I have not removed the old workflow, and indeed have fixed a few bugs with it. I personally think the new workflow is better than the old, and should at least be the default. However, whether the existing workflow should be removed is good question for discussion.

Add support for 10 bit gray and RGB decoding

You can now decode videos that have 10bit YUV encoding, receive them either as RGB or Gray buffers.

Add support for 10 bit gray and RGB encoding

You can now encode videos that have 10bit YUV encoding, and write them as either Gray or RGB buffers.

Add support for encoding frames that are "scanline major"

Most video packages expect pixels with neighboring x position and the same y position, that is pixels adjacent on the same scanline, to be adjacent in memory. Encoding frames that have this memory layout required the use of PermutedDimsArray with VideoIO. I have added a keyword argument, scanline_major, that allows the use of this pervasive memory format in VideoIO when encoding videos. Indeed, libav itself uses this format. As such, encoding video frames that are scanline major requires less work on VideoIO's end, and can be as simple as copying memory.

Eliminate use of deprecated functions in libav

I have removed calls to deprecated libav functions and replaced them with the recommended alternatives.

removed deprecated function	replacement function
`avpicture_get_size`	`av_image_get_buffer_size`
`avcodec_decode_video2`	`avcodec_send_packet` and `avcodec_receive_frame`

Replacing avcodec_decode_video2 required changing the logic of the decoding loop, in order to handle EAGAIN errors as per the libav documentation.

There is one more deprecated function that I replaced, but I am having a hard time finding which function that was.

Make implicit memory layout requirement of decoding pipeline explicit

The video decoding pipeline seemed to require that the frame buffer supplied by users by scanline-major, as described above, but did not require that the array be indexed one way or another. I have made this requirement explicit, and disabled some code that I think would have errored previously because it violated this assumption.

Use method dispatch in favor of if-else statements where possible

Instead of big if-else statements that match user-supplied buffer type with pixel format, and scale poorly with the number of buffer and pixel types supported, I have moved much of this logic into method dispatch. The type of the user-supplied buffer now uses method dispatch, instead of if-else statments, when encoding and decoding video.

Refactor repeated code snippets into functions

Some code snippets, such as "pumping" a video container for frame data, were repeated many times in many different functions. I have tried to refactor this snippets into a single function where I noticed them.

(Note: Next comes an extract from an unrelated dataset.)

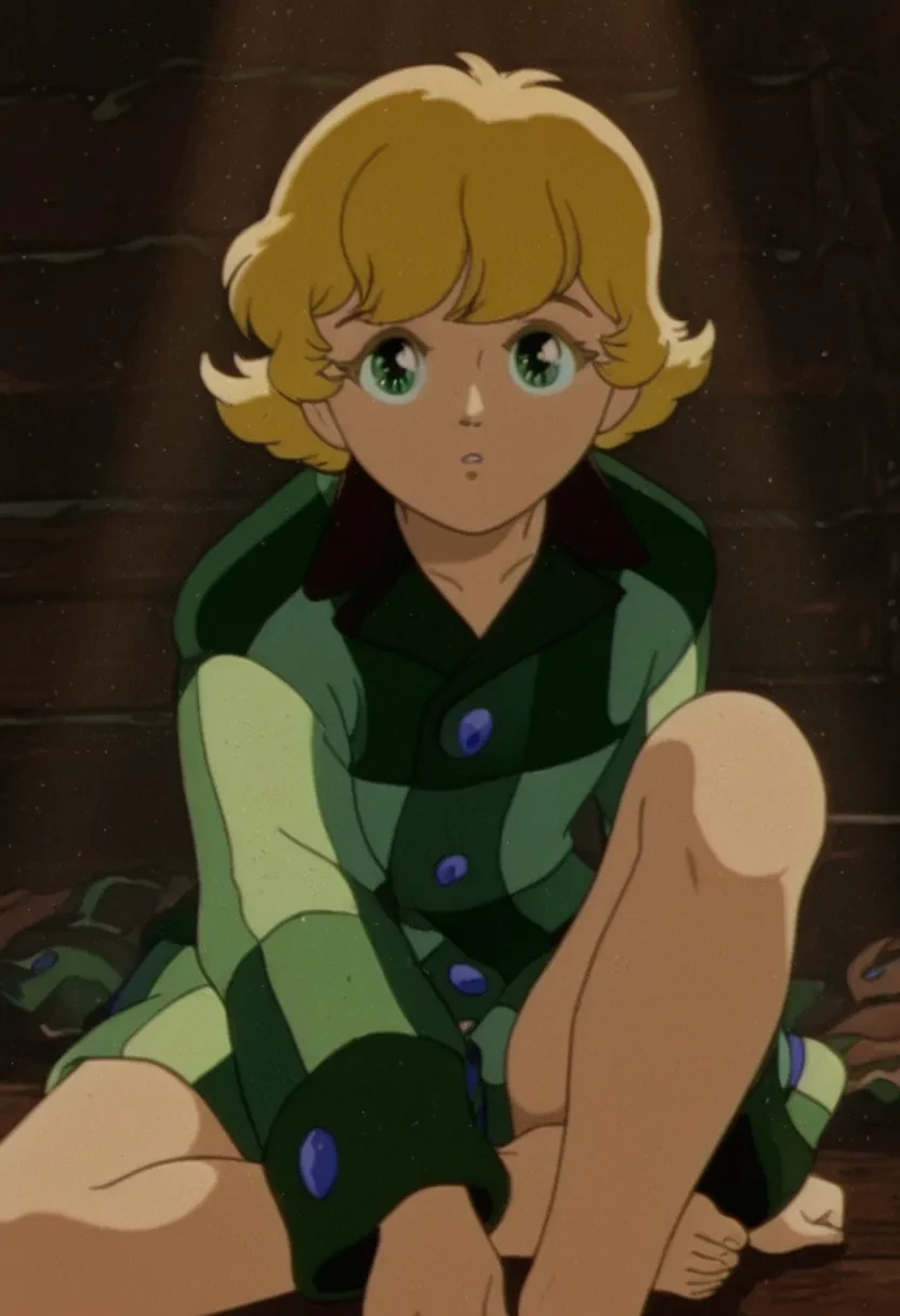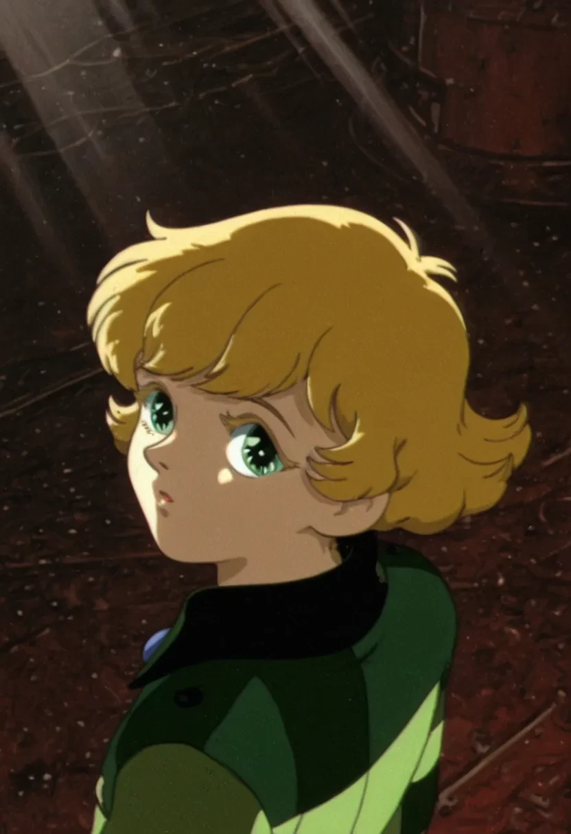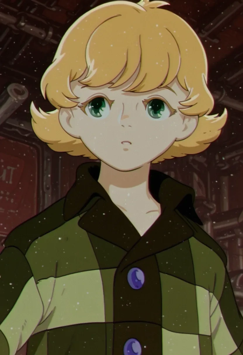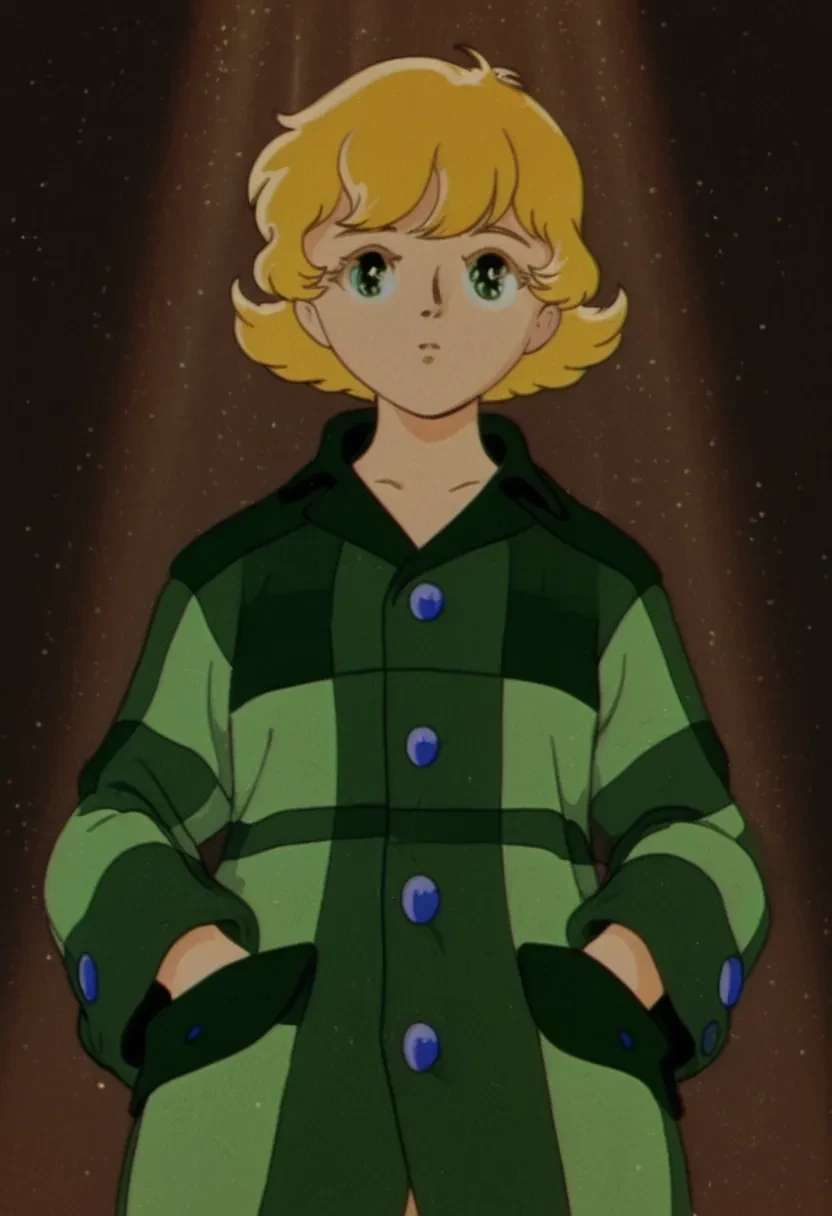 T1m4Mt2, short hair, blonde hair, bangs, green eyes, green clothes,blue buttons,retro artstyle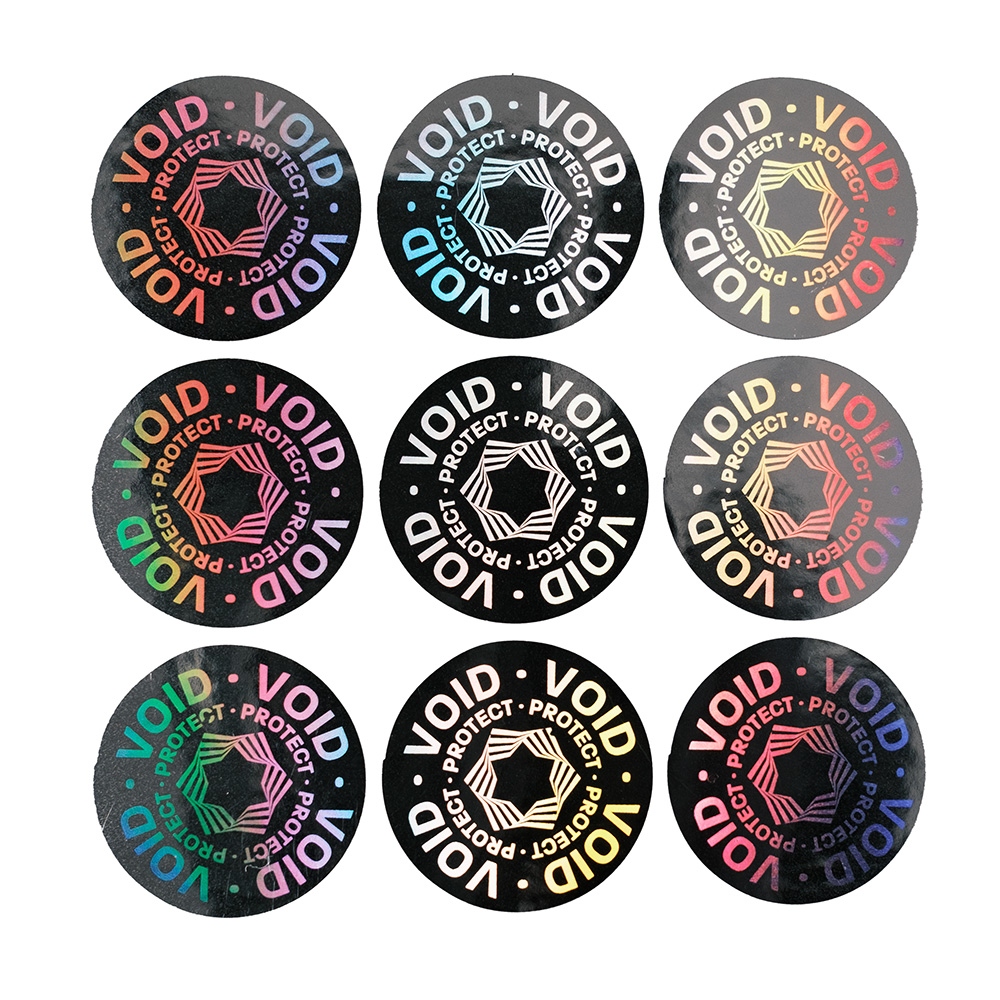 Holografická přelepka pro zajištění rozebíratelných částí výrobků proti neoprávněné manipulaci, přelepení kalibračních a seřizovacích mechanismů strojů atd. Po obvodu 4x slovo "VOID", ve středu šesticípá hvězda a kolem ní 4x slovo "protect"

Make decoding image buffer compatible with multi-planar image formats

The image buffer used by the decoding logic to handle containers with multiple video streams did not account for the use of multi-planar image formats. I have used libav functions to transfer the image buffers to the VideIO maintained image buffer, which allows it work with multi-planar image formats. I am unclear if this image buffer is ever used, but at least it's now not wrong.

New interface to interact with nested C structs in libav

One large change in this PR is that it introduces a new type, NestedCStruct, and associated methods for to make interacting with nested C structs require less code in Julia, and additionally fixes some potential memory bugs in the existing code. This type and related functions are in the new file avptr.jl. Interacting with libav (FFMPEG) requires receiving, modifying, and passing structs that are part of the API of that library. Interacting with these C structs requires modifying their fields and generating pointers to them. The existing codebase would often store these structs as length 1 arrays of Julia structs that match the memory layout of the C struct. However, accessing this memory and modifying individual fields would often boil down to generating pointers to the array, and then modifying fields of the Julia struct directly with pointer logic, requiring many unsafe_store! and unsafe_load statements throughout the codebase, without any calls to GC.@preserve etc to ensure that the underlying memory was not garbage collected before the pointer was used. Additionally, even if the GC.@preserve macros were added in the right places, by my reading of Julia's semantics on getting pointers to fields of Julia structs is that it's not supported, and while the existing code might work at the moment there is no guarantee that future compiler or garbage collector optimizations will not break it.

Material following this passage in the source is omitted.